> What is being asked
A line belongs in the answer only if it contains the word "another"; copy every such line from the listing below.

> Extracted information
..............................

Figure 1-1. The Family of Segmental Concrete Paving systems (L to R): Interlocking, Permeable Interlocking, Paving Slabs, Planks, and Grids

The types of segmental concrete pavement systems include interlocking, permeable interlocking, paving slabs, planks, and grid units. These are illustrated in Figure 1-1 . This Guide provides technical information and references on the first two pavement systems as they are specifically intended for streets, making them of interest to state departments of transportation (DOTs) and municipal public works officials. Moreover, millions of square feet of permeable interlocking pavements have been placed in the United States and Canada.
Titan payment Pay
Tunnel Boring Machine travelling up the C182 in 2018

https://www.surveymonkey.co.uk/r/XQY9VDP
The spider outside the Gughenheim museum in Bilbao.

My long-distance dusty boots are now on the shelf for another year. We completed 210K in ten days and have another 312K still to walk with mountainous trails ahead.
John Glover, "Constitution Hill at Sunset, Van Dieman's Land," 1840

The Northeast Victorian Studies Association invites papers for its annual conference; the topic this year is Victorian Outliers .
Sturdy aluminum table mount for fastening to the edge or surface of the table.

..............................

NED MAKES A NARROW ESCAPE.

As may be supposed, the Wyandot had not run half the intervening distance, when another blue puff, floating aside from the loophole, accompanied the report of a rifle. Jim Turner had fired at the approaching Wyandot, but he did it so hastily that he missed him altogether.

..............................

> Result for this exercise
My long-distance dusty boots are now on the shelf for another year. We completed 210K in ten days and have another 312K still to walk with mountainous trails ahead.
As may be supposed, the Wyandot had not run half the intervening distance, when another blue puff, floating aside from the loophole, accompanied the report of a rifle. Jim Turner had fired at the approaching Wyandot, but he did it so hastily that he missed him altogether.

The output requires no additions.